Directions: Return the line that has "ドラクエやマリオのクロスステッチのサンプラーやピンクッション、" and all lines below it through the last, exactly as they stand; omit pictures.

Supplied information:

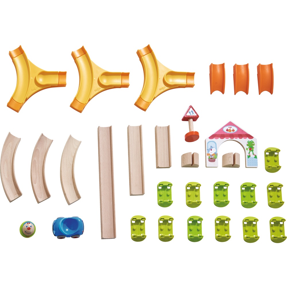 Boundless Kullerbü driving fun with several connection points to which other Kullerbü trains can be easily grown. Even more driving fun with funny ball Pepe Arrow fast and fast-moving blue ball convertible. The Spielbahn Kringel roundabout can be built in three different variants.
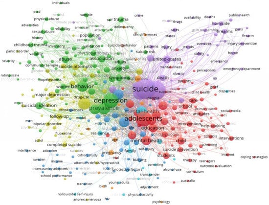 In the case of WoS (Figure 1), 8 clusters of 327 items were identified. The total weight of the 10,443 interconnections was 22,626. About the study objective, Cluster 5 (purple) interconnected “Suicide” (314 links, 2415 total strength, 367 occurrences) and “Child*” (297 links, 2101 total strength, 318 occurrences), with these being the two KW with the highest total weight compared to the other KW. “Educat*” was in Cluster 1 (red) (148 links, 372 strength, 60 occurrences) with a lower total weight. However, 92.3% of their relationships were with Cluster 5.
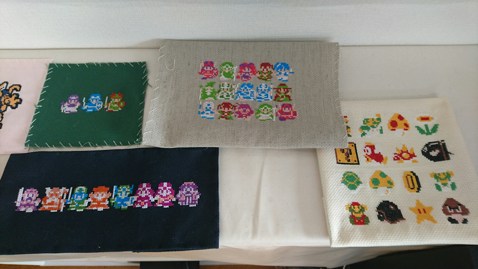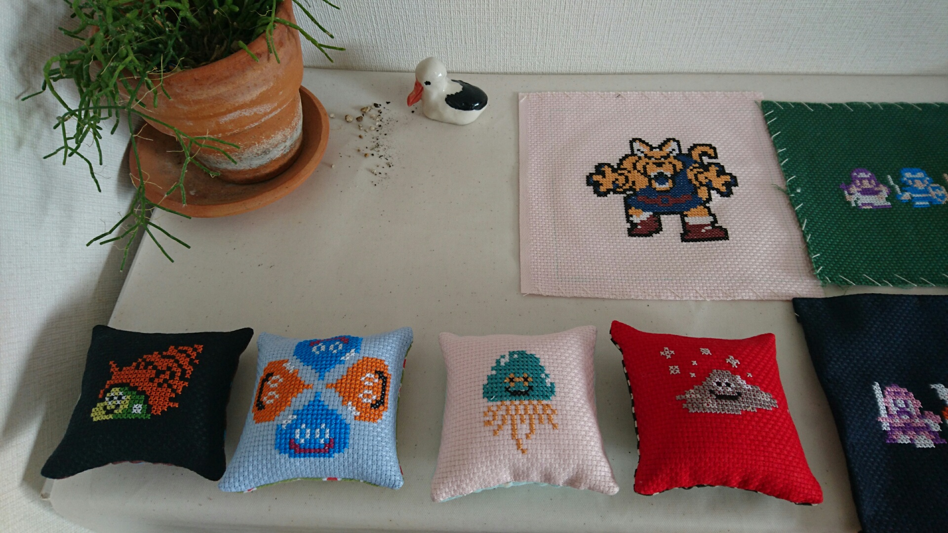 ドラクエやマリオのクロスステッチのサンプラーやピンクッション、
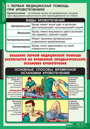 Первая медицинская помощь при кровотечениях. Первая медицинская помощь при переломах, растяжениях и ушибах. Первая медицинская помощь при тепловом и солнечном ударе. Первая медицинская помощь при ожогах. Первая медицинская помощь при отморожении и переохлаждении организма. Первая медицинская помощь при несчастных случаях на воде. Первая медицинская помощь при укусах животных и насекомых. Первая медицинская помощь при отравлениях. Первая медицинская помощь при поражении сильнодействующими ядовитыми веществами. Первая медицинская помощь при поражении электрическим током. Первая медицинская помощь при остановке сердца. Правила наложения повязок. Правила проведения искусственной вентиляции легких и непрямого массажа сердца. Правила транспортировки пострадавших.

Task response:
 ドラクエやマリオのクロスステッチのサンプラーやピンクッション、
 Первая медицинская помощь при кровотечениях. Первая медицинская помощь при переломах, растяжениях и ушибах. Первая медицинская помощь при тепловом и солнечном ударе. Первая медицинская помощь при ожогах. Первая медицинская помощь при отморожении и переохлаждении организма. Первая медицинская помощь при несчастных случаях на воде. Первая медицинская помощь при укусах животных и насекомых. Первая медицинская помощь при отравлениях. Первая медицинская помощь при поражении сильнодействующими ядовитыми веществами. Первая медицинская помощь при поражении электрическим током. Первая медицинская помощь при остановке сердца. Правила наложения повязок. Правила проведения искусственной вентиляции легких и непрямого массажа сердца. Правила транспортировки пострадавших.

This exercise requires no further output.